- WORK ORDER -
Every line below from the one with "Woman holding a" through the one with "20th C ITALIAN" is to be repeated exactly, with no picture among them.

= = = = = = =

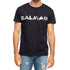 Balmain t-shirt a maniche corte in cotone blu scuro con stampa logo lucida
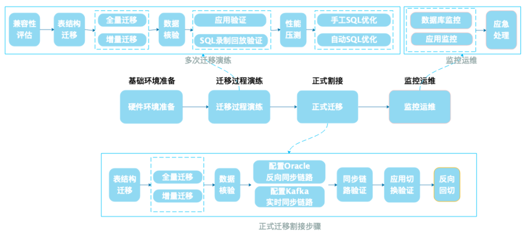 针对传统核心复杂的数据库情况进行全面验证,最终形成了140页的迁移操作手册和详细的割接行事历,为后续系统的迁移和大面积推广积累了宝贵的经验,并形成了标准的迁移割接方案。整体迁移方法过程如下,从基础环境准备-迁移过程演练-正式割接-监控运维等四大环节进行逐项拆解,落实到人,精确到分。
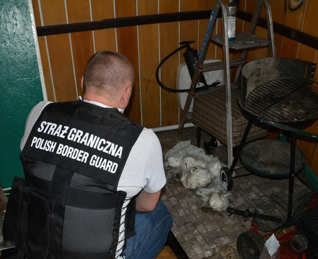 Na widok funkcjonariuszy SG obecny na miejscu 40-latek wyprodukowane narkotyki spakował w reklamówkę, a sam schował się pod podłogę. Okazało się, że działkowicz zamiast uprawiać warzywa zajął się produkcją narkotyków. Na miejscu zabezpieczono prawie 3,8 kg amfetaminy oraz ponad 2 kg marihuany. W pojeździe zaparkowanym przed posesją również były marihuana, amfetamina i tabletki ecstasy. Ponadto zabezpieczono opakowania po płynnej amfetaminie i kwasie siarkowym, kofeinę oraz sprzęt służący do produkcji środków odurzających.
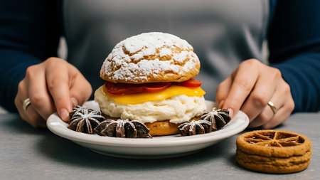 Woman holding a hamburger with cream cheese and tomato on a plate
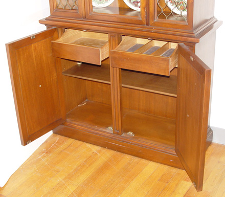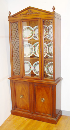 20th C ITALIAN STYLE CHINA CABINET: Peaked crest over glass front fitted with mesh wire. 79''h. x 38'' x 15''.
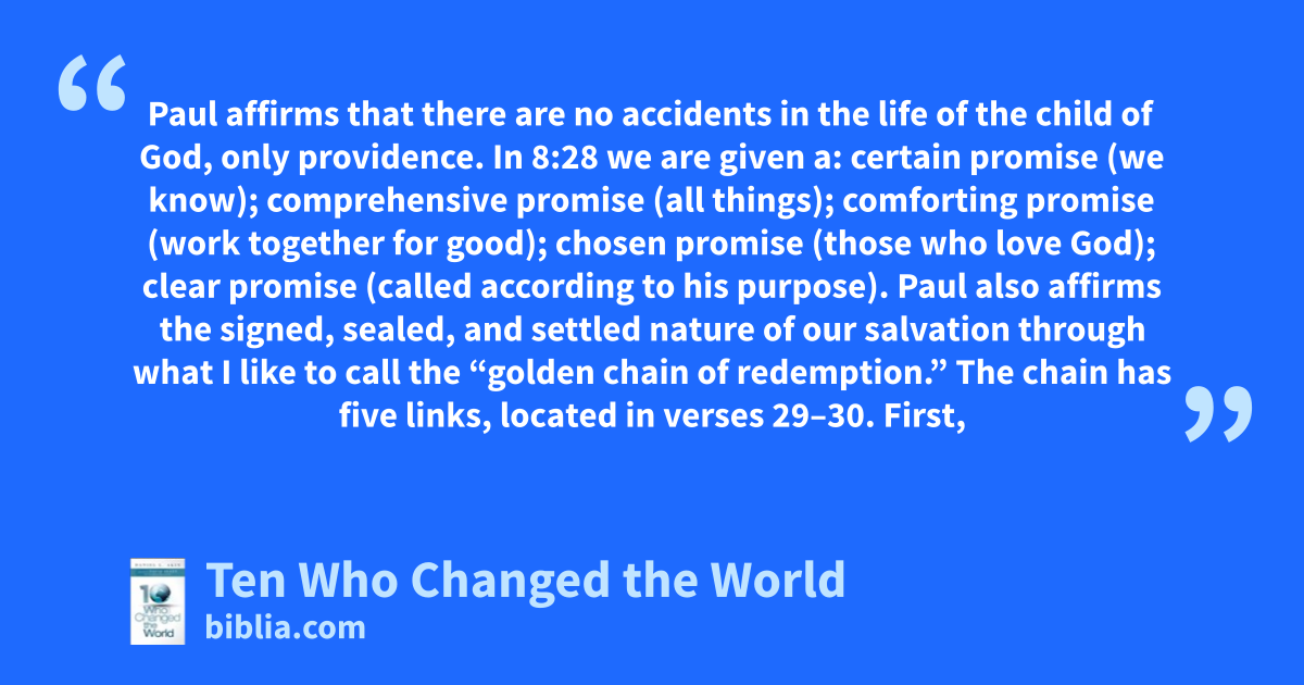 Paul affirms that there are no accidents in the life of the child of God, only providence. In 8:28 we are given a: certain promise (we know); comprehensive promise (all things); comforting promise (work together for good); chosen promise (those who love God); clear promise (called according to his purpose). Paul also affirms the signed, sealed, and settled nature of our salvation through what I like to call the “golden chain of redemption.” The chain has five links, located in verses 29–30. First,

= = = = = = =

- EXPECTED ANSWER -
 Woman holding a hamburger with cream cheese and tomato on a plate
 20th C ITALIAN STYLE CHINA CABINET: Peaked crest over glass front fitted with mesh wire. 79''h. x 38'' x 15''.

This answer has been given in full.